■ Exercise requirements
Write out again, word for word, the lines below from the line that holds "Dann gibt es" through the line that holds "打开绿联的docker应用,在日志里可以看到容器正在更新IPTV链接。", omitting pictures.

■ Given entries
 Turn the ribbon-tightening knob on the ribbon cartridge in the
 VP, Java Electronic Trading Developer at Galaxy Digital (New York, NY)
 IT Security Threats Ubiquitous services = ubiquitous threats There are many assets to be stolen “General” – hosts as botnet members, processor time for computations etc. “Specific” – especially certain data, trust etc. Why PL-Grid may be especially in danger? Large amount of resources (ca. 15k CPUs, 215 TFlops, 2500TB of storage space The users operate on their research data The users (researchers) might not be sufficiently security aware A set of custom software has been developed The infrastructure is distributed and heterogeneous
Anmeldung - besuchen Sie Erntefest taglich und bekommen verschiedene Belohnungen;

...

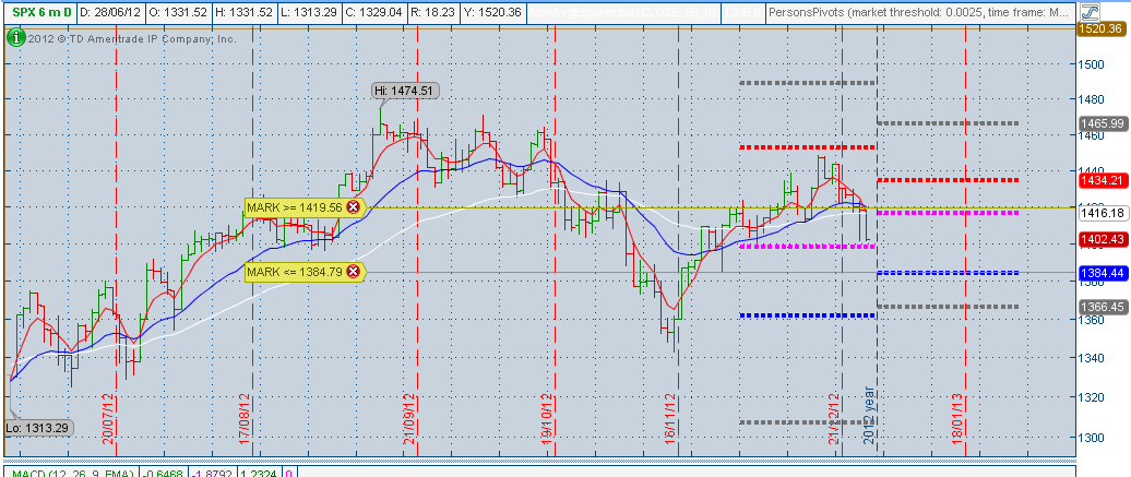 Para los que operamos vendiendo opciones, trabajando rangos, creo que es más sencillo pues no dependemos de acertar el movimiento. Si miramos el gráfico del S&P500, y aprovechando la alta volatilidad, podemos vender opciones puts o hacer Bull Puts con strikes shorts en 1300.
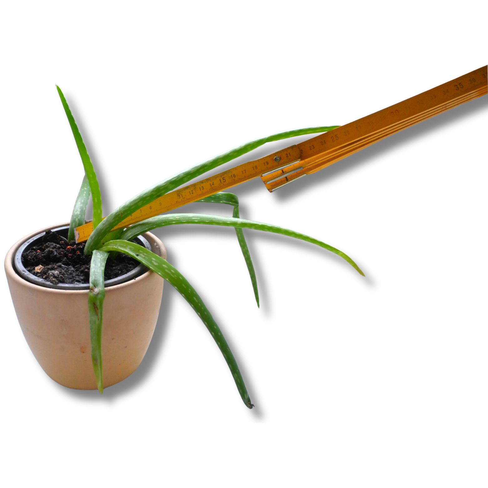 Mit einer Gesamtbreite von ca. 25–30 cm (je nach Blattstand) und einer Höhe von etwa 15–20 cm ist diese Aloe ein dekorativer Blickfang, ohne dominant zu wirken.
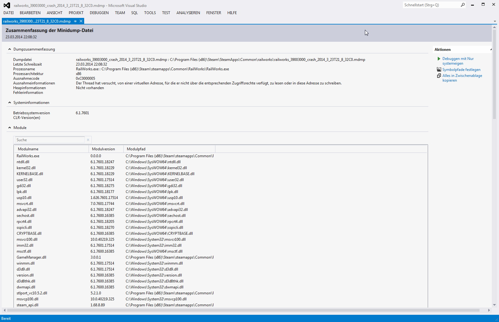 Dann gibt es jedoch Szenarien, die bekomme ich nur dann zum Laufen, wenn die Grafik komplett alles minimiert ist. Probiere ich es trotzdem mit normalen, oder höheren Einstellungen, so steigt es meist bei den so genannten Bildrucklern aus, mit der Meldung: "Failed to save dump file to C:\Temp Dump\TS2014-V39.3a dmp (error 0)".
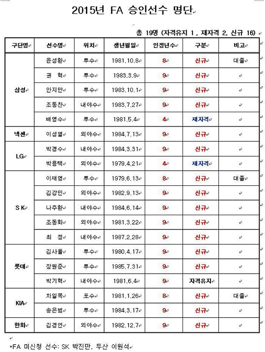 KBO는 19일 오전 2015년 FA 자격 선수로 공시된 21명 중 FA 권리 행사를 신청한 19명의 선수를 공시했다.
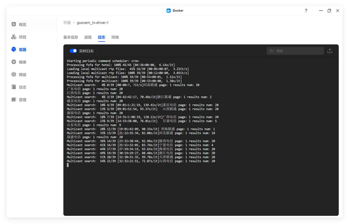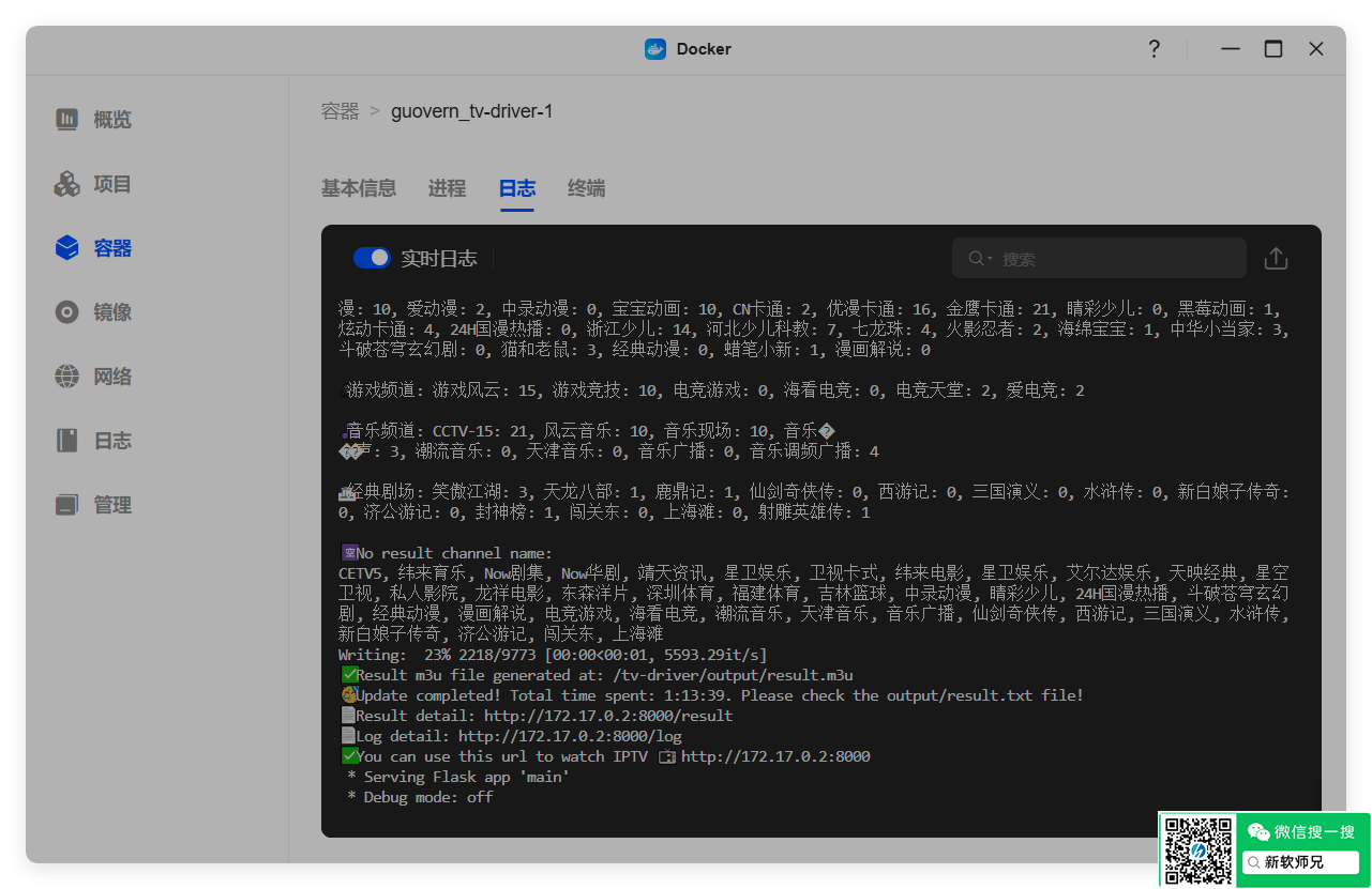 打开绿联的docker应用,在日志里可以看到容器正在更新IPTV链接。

■ Output for this task
 Dann gibt es jedoch Szenarien, die bekomme ich nur dann zum Laufen, wenn die Grafik komplett alles minimiert ist. Probiere ich es trotzdem mit normalen, oder höheren Einstellungen, so steigt es meist bei den so genannten Bildrucklern aus, mit der Meldung: "Failed to save dump file to C:\Temp Dump\TS2014-V39.3a dmp (error 0)".
 KBO는 19일 오전 2015년 FA 자격 선수로 공시된 21명 중 FA 권리 행사를 신청한 19명의 선수를 공시했다.
 打开绿联的docker应用,在日志里可以看到容器正在更新IPTV链接。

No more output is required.